There was no agreement at last week’s brief hearing. Proceedings in the dispute will continue on June 27.

Bruce Lehrmann (left) departs the Federal Court of Australia in Sydney, Monday, April 15, 2024. Federal Court Justice Michael Lee has found Bruce Lehrmann most likely raped Brittany Higgins in Parliament House, losing the 28-year-old a defamation lawsuit brought against Network 10.

Bruce Lehrmann faces a multimillion-dollar bill after losing his defamation case.
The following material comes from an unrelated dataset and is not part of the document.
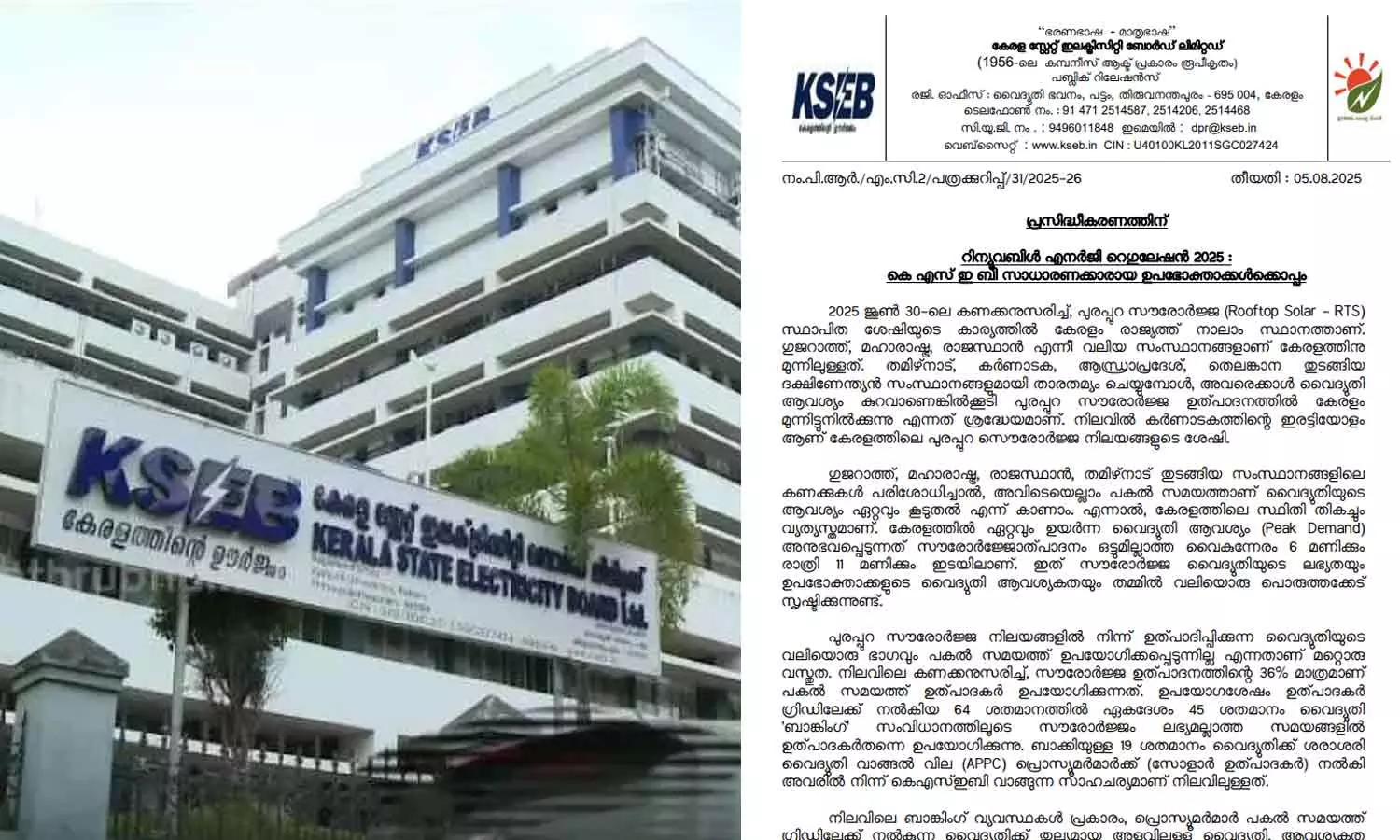 പകൽ സൗരോർജ ഉപയോഗം 36% മാത്രം; പുരപ്പുറ സോളാർ പദ്ധതി ബാധ്യതയെന്ന് കെഎസ്ഇബി

Photo: AAP

Lehrmann’s appeal

Back in 2021, Brittany Higgins made the explosive allegations she was raped in Parliament House by a colleague.

She was interviewed by news.com.au and Network Ten’s The Project – and Lehrmann was not named at the time.

He has always denied the allegations he raped Higgins. His criminal case in the ACT ended in a mistrial with prosecutors withdrawing the charge and abandoning a retrial amid concern for Higgins’ mental health.

In November 2023, Lehrmann started defamation proceedings against Wilkinson and Ten, alleging he was easily identifiable in the interviews.

In April this year, Justice Michael Lee dismissed the lawsuit. He found that, to the civil standard of the balance of probabilities, Lehrmann did rape Higgins in 2019.

A month later, Lehrmann filed an appeal against Lee’s judgment. The court previously heard that he had no financial backers in his legal battles and his lawyers had worked on a no-win, no-fee basis.

His appeal came after the Federal Court ordered him to pay Ten and Wilkinson’s legal bills on an indemnity basis. He is expected to face a multimillion-dollar legal bill to cover those costs.